Where do you folks get your lye? None to be had here nowhere..........too much meth production in my area.... I cant find any....Where is the cheapest place to order it????


----------



## Wendy (May 10, 2002)

My local hardware store will order for me.


----------



## MullersLaneFarm (Jul 23, 2004)

luv2farm

PM me. I have lye @ $3/lb plus shipping. I can only ship 2 lb at a time for USPS regulations though


----------



## Helena (May 10, 2002)

I buy the Red Devil Lye that you get at hardware stores locally. I wouldn't think it would be a problem getting. Good Luck !!


----------



## Lannie (Jan 11, 2004)

Helena said:


> I buy the Red Devil Lye that you get at hardware stores locally. I wouldn't think it would be a problem getting. Good Luck !!

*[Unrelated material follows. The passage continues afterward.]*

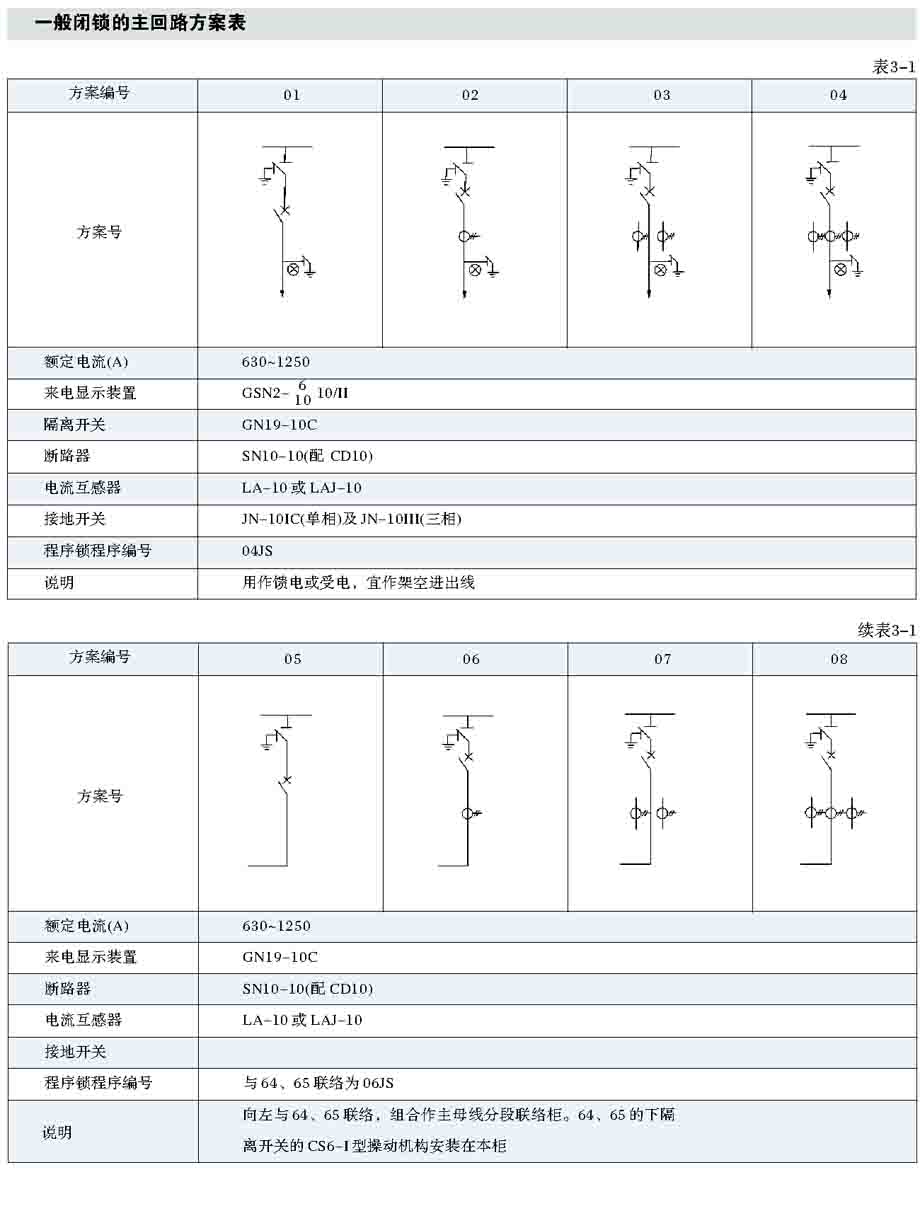 General locking the main loop scheme are shown in table 3-1. General atresia without considering 21-22,25-28,31-33 and the 37-39 main loop scheme, while not considering the circuit breaker equipped with CS2 type actuator scheme;

Red Devil's been pulled off the shelves of every store that I've looked for it here in SD. I got 50 pounds of lye beads (same as Red Devil) from a chemical supplies store for a whopping $47.00. That's less than a dollar a pound, which is just peachy-keen fine with me! 

~Lannie


----------



## kidsnchix (Oct 2, 2003)

You can't get Red Devil Lye here any more either. I have to order mine on the internet.


----------



## Beeman (Dec 29, 2002)

I used to be able to get roebic pure lye at Lowes in Morristown,TN. Unfortunately thanks to the meth heads they don't carry it any longer. 
Red Devil stopped making lye a while back, check their web site. 

Check the yellow pages for chemical distributors, they will sell it to you probably 5lb. minimum.


----------



## MullersLaneFarm (Jul 23, 2004)

Helena said:


> I buy the Red Devil Lye that you get at hardware stores locally. I wouldn't think it would be a problem getting. Good Luck !!


Red Devil quick making lye, what, 3-4 years ago??

If you live in a large town with a chemical supply place that you can drive to, you can get it in bult pretty inexpensively. If you have to pay shipping, the price more than doubles per pound.

If you are keep lye in bulk, please contact your local fire department and let them know just in case you have a fire emergency at your home. Not a plesant thing for the fireman to be exposed to this stuff.


----------



## linn (Jul 19, 2005)

I get lye here:
http://www.essentialdepot.com/


----------